Thursday, May 7, 2020

Mongo Spark Connector

This Article explains the way to Write, Read and Update data to MongoDB.

One of my Friend's Thomas has written a nice article in which he explained the same in an awesome manner. Please follow the link https://medium.com/@thomaspt748/how-to-load-millions-of-data-into-mongo-db-using-apache-spark-3-0-8bcf089bd6ed

I would like to add 3 Points apart from the one's explained by my friend.

1. Dealing with Nested JSON.


val foodDf = Seq((123,"food2",false,"Italian",2),
             (123,"food3",true,"American",3),
             (123,"food1",true,"Mediterranean",1))
        .toDF("userId","foodName","isFavFood","cuisine","score")
val foodGrpDf = foodDf
          .select($"userId", struct("score", "foodName","isFavFood","cuisine").as("UserFoodFavourites")).groupBy("userId").agg(sort_array(collect_list("UserFoodFavourites")).as("UserFoodFavourites"))

groupBy and collect_list() are to be used together to form a Nested structure.
    
Reference: https://stackoverflow.com/questions/53200529/spark-dataframe-to-nested-json

Later the Dataframe can be written to Mongo Collection using Save API.

Eg:

MongoSpark.save(foodGrpDf .write.option("collection", "foodMongoCollection").mode("Append"), writeConfig)

Using this above function the Dataframe(foodGrpDf ) can be directly written to MOngo Collection(foodMongoCollection).

2. Creating spark session when Kerberos LDAP Authentication is enabled for mongodb.

authSource=$external&authMechanism=PLAIN has to be included in the URI.

Eg:

val mongoURL = s"mongodb://${mongouser}:${mongopwd}@${mongoHost}:${mongoPort}/${mongoDBName}.foodMongoCollection/"

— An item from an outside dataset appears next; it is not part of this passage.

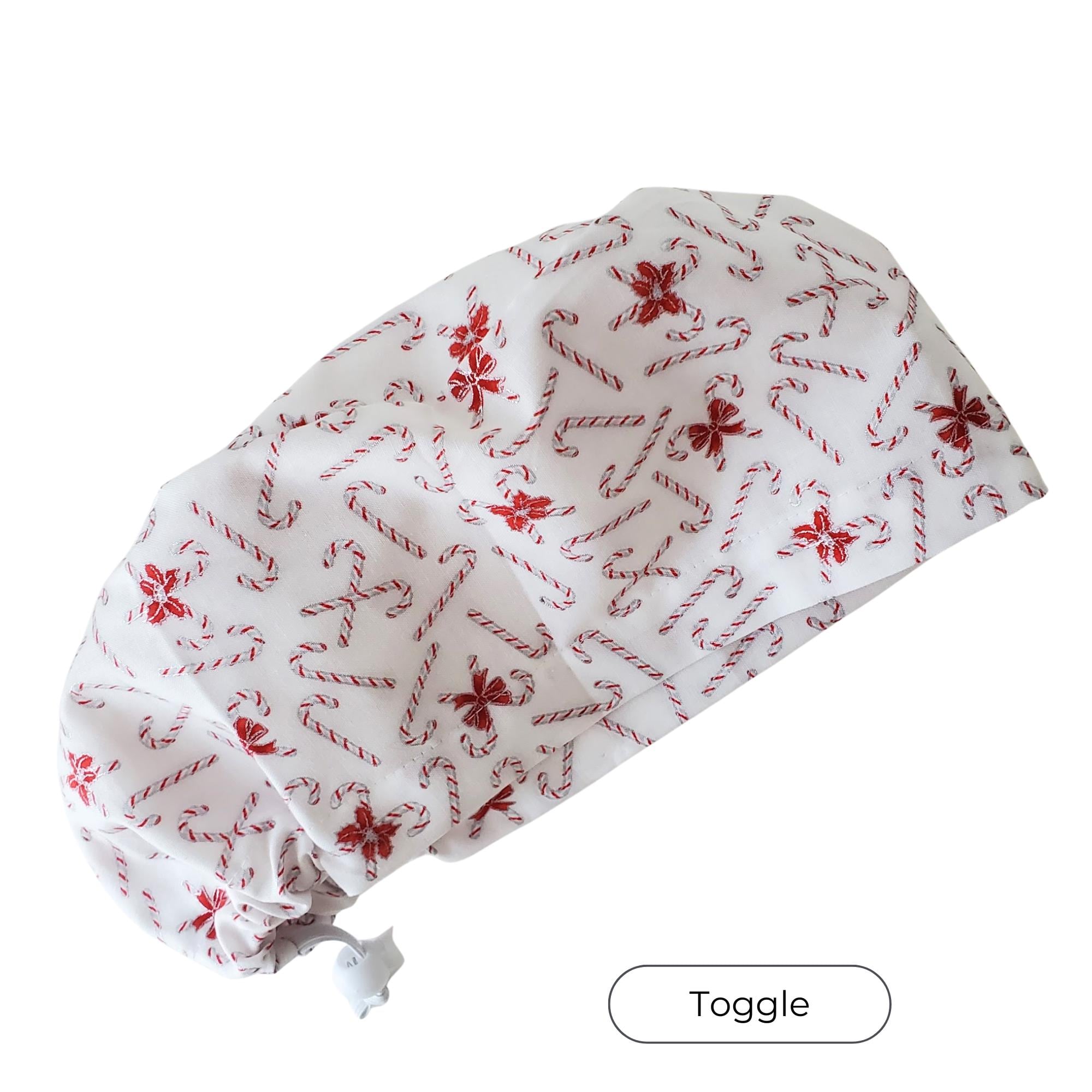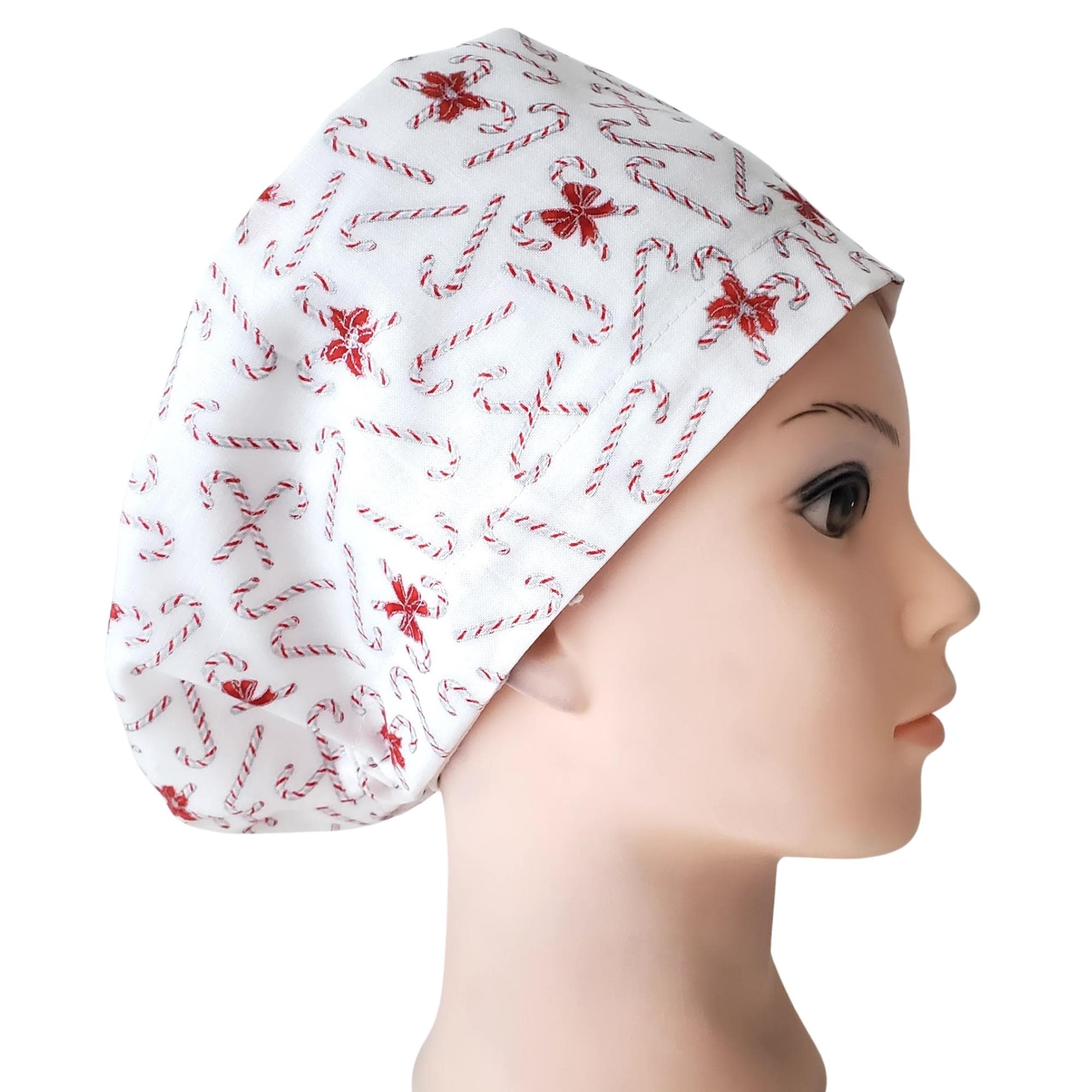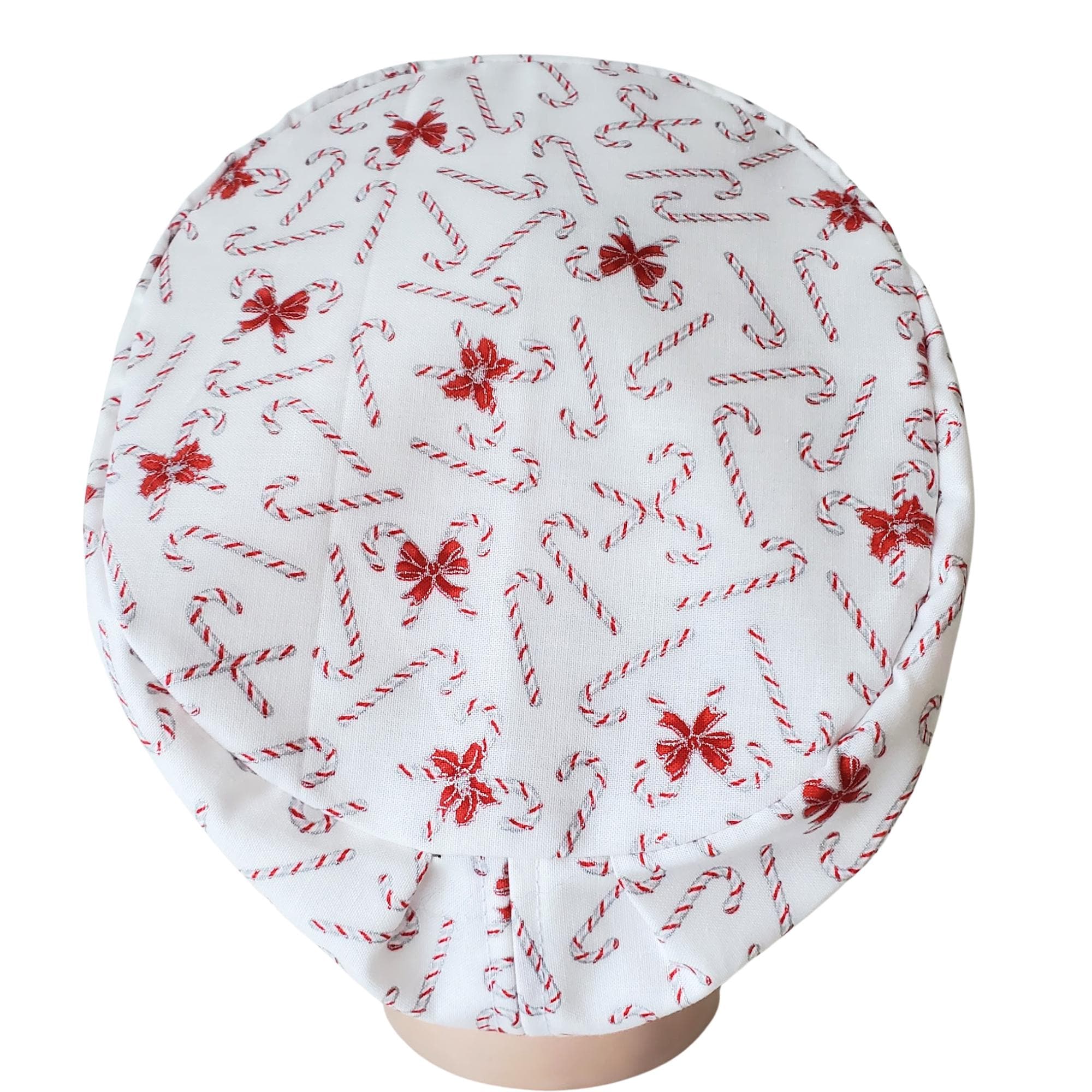 Add some festive cheer to your uniform with this Candy Cane Euro Scrub Cap. Designed with red-and-white candy canes and delicate bows on a crisp white background, this holiday scrub hat blends playful seasonal style with all-day comfort.

val spark = Spark.Session.builder.appName("MongoSample").config("spark.mongodb.output.uri", mongoURL + "?authSource=$external&authMechanism=PLAIN").config("spark.mongodb.input.uri", mongoURL + "?authSource=$external&authMechanism=PLAIN").getOrCreate

3. Update existing Record in Mongo Collection

save() will act as Update as well. See the below code snippet to Read -> Update a value in DataFrame -> Save

val df4 = spark.read.format("com.mongodb.spark.sql.DefaultSource").option("database", "foodDB").option("collection", "foodMongoCollection").load()

val df5 = df4.filter(col("foodName") === "food3")
val df5Updated = df5.drop("isFavFood").withColumn("isFavFood", lit("American_Updated"))

df5Updated .show

MongoSpark.save(df5Updated.write.option("collection","foodMongoCollection").mode("Append"), writeConfig)